Di sini aku merasakan hawa yang beda. Meski kerja kasar, setiap hari bergelut dengan adukan, angkatjunjung batu, tapi aku merasa biasa. Tak merasakan bahwa pekerjaan itu berat. Mungkin karena di kampung aku sudah biasa angkatjunjung, jadi mendapati pekerjaan itu aku merasa biasa saja.
Tiap istirahat selalu ada suguhan rambutan yang tinggal manjat. Mau nongkrong, bebas. Bapak main ke rumah tetangga-tetangga sekitar proyek, akupun keluar sendiri. Meski sesekali mengingatkan saatnya, nyuci, beli beras dan sayur plus lauk tuk makan.
Kalau malem, pijetan sambil dengerin radio. Ngrumpi berbagi pengalaman dari temen-temen kerja yang lain. Tempatnya yang agak jauh dari jalan raya, masih banyak pohon-pohon besar, membuatku merasa seperti hidup dikampung biasa. Beda dengan di rumah Pak Dhe, yang penuh rasa sungkan disamping suasana sekitar yang penuh sesak rumah berdempet-dempetan. Seolah, ada sekat yang membatasi kebebasanku.

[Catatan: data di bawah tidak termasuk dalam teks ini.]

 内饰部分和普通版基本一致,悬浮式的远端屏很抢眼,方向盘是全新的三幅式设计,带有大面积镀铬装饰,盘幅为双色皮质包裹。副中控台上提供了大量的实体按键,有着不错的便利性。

Proyek usai, aku putuskan pulang kampung. Mengamini keinginan bapak sama emak, kuliah di keguruan. Dan jadilah aku mahasiswa di salah satu universitas swasta di Salatiga, sampai sekarang. Sambil jadi tukang momong di Sekolahan.
***
Aku tak tahu mau dibawa kemana ocehan ini. Dari main ke rumah Desi bisa kembali ke sekilas masa laluku, dulu. Tapi inilah cerita. Bebas, mau dibawa kemana saja. Seperti kebebasan hidup yang menjadi dambaan batiniah setiap orang. Bagiku, kebahagiaan akan terasa dari kebebasan yang impian yang terwujud. Tuntutan yang tak sesuai dari kehendak hati yang dituntut akan menjadi beban pikiran si tertuntut. Dan semacam ini jika direalisasikan, akan menjadi kebahagiaan sepihak, dengan kata lain si penuntutlah yang (mungkin) bahagia karena tuntutannya terpenuhi.Bukan yang di tuntut.

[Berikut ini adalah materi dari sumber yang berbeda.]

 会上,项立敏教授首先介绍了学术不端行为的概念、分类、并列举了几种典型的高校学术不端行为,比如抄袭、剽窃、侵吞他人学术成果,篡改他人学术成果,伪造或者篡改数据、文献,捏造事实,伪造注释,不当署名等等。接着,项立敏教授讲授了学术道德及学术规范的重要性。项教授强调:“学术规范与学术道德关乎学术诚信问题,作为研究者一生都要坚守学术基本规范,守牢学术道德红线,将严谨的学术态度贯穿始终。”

Apapun aktifitas kita, jika kita bisa melakukan dengan senang hati. Itu akan menjadi kebahagiaan yang umum dirasakan oleh orang bahagia yang lain—meskipun berbeda wujudnya. Seperti yang ku alami saat di rumah Desi. Memanjat rambutan, makan sepuasnya, makan siang juga gratis, sing nduwe ayu pisan. Weteng wareg, mata padhang. Misi selesai, kami pamit pulang sambil bawa rambutan 2 karung beras ukuran 20-an kg plus 1 tas punggungku yang tak pernah ketinggalan. Ehmmm… :)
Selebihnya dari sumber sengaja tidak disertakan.